:: SOURCE DATA ::

------------

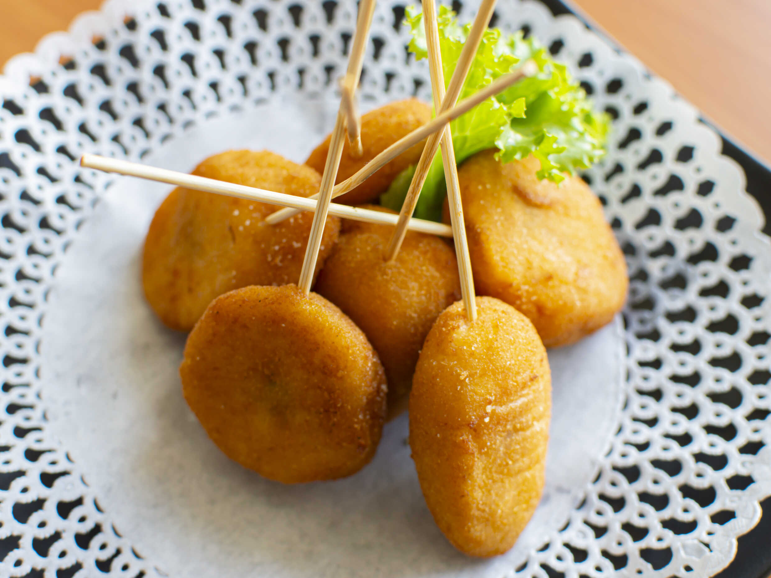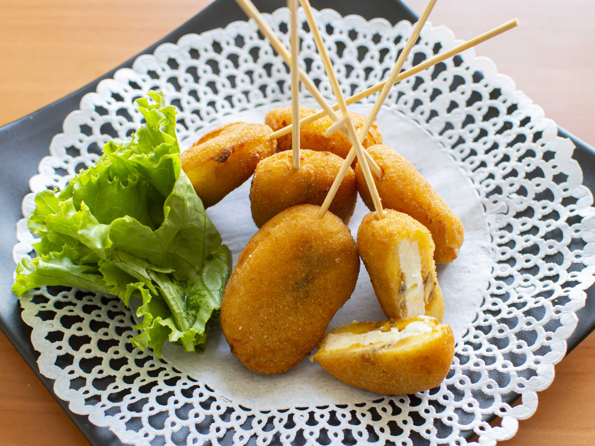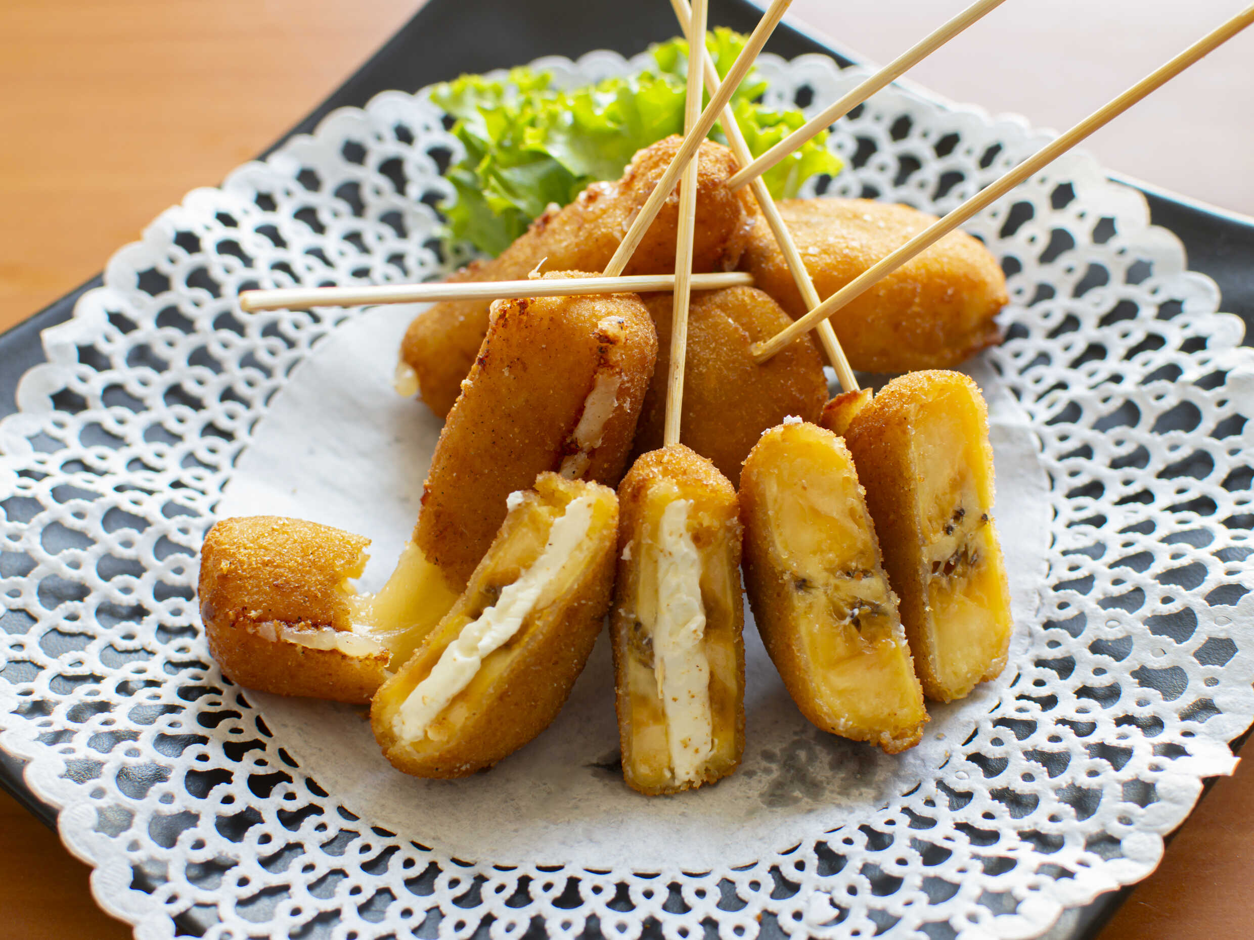 6 Piezas de brochetas de plátano rellenas de queso.
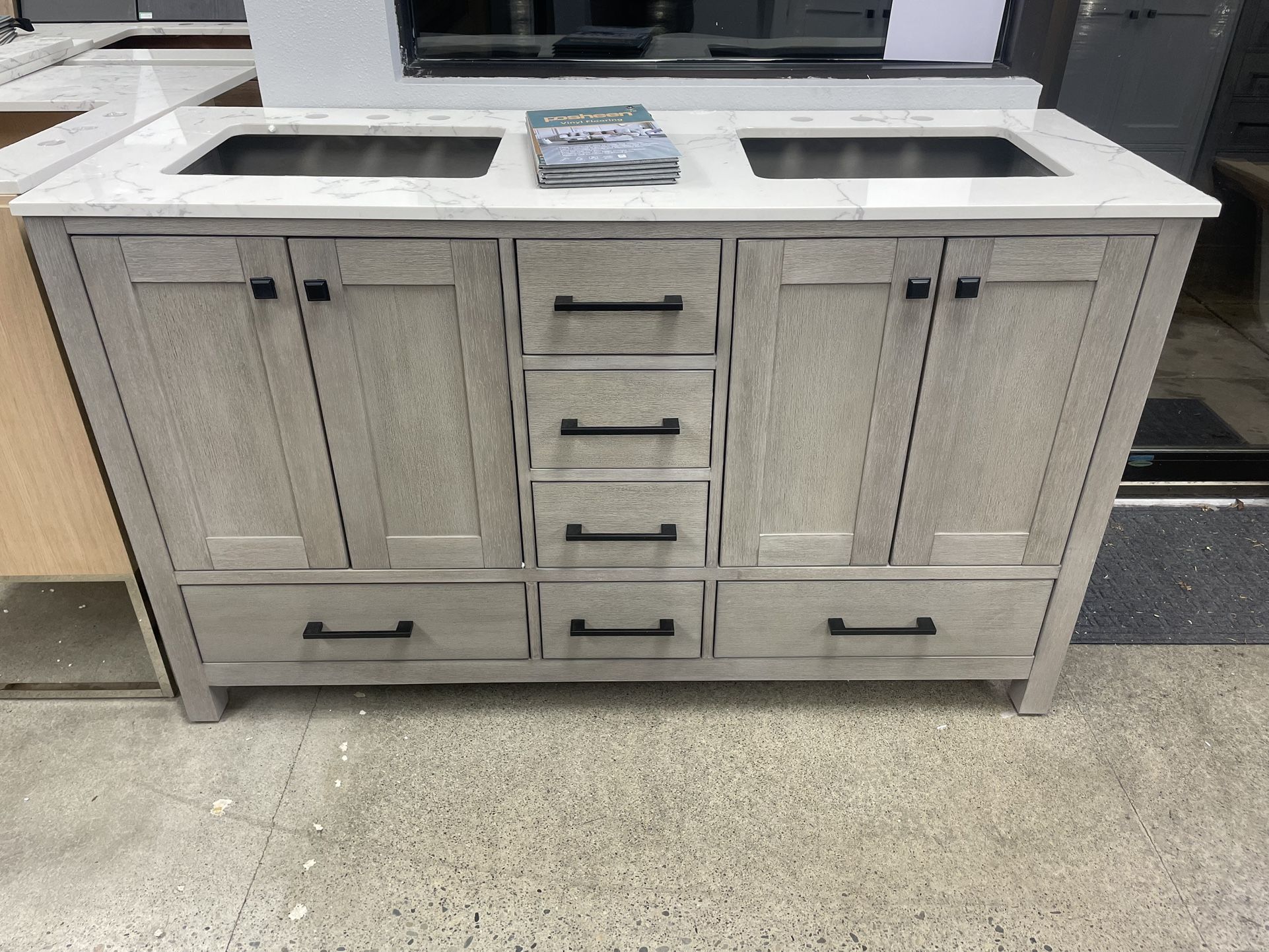 Bathroom vanity cabinet 60” solid mango Quartz top with sinks and backsplash
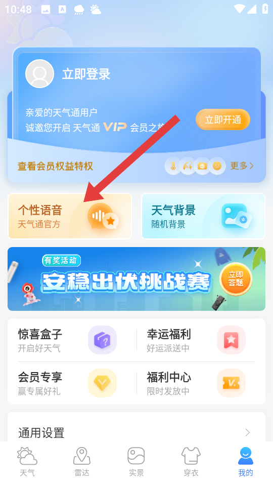 1、打開天氣通APP,切換至底部導(dǎo)航欄的我的頁面,點(diǎn)擊個(gè)性語音選項(xiàng),進(jìn)入語音選擇界面。
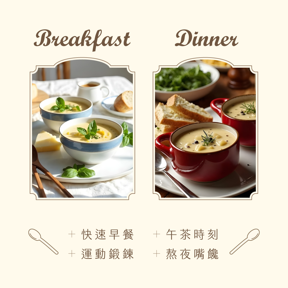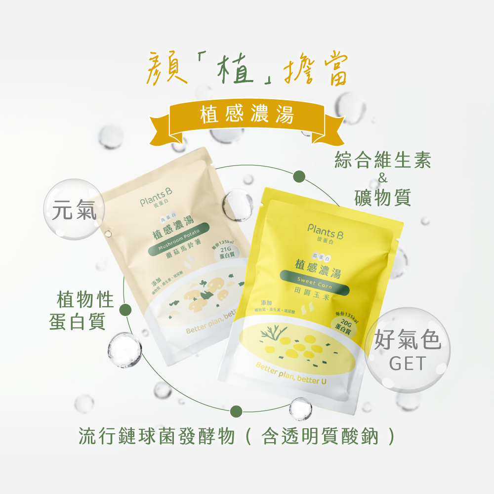 本公司只提供電子發票 下單請在備註提供電子郵件 *濃郁滿足,蘑菇馬鈴薯口味【內容量】:每包 35 克 每包含20g蛋白質,為美力而生的高蛋白濃湯● 使用 4 種植物蛋白:大豆蛋白、米蛋白、葵花籽蛋白、豌豆蛋白,提供多種植物營養● 每份含有 20g 蛋白質,提供日常所需● 熱量每包約 135 大卡,當做點心飽足感剛剛好● 綜合維生素、礦物質添加● 添加流行鏈球菌發酵物(含透明質酸鈉)● 70 度 C 熱水即沖即飲,不怕高溫破壞營養素,稍加攪拌,溫暖美味隨時開動!

------------

:: YOUR ASSIGNMENT ::
The listing should be transcribed exactly. No picture is to appear in the transcription.

:: RESPONSE AREA ::
 6 Piezas de brochetas de plátano rellenas de queso.
 Bathroom vanity cabinet 60” solid mango Quartz top with sinks and backsplash
 1、打開天氣通APP,切換至底部導(dǎo)航欄的我的頁面,點(diǎn)擊個(gè)性語音選項(xiàng),進(jìn)入語音選擇界面。
 本公司只提供電子發票 下單請在備註提供電子郵件 *濃郁滿足,蘑菇馬鈴薯口味【內容量】:每包 35 克 每包含20g蛋白質,為美力而生的高蛋白濃湯● 使用 4 種植物蛋白:大豆蛋白、米蛋白、葵花籽蛋白、豌豆蛋白,提供多種植物營養● 每份含有 20g 蛋白質,提供日常所需● 熱量每包約 135 大卡,當做點心飽足感剛剛好● 綜合維生素、礦物質添加● 添加流行鏈球菌發酵物(含透明質酸鈉)● 70 度 C 熱水即沖即飲,不怕高溫破壞營養素,稍加攪拌,溫暖美味隨時開動!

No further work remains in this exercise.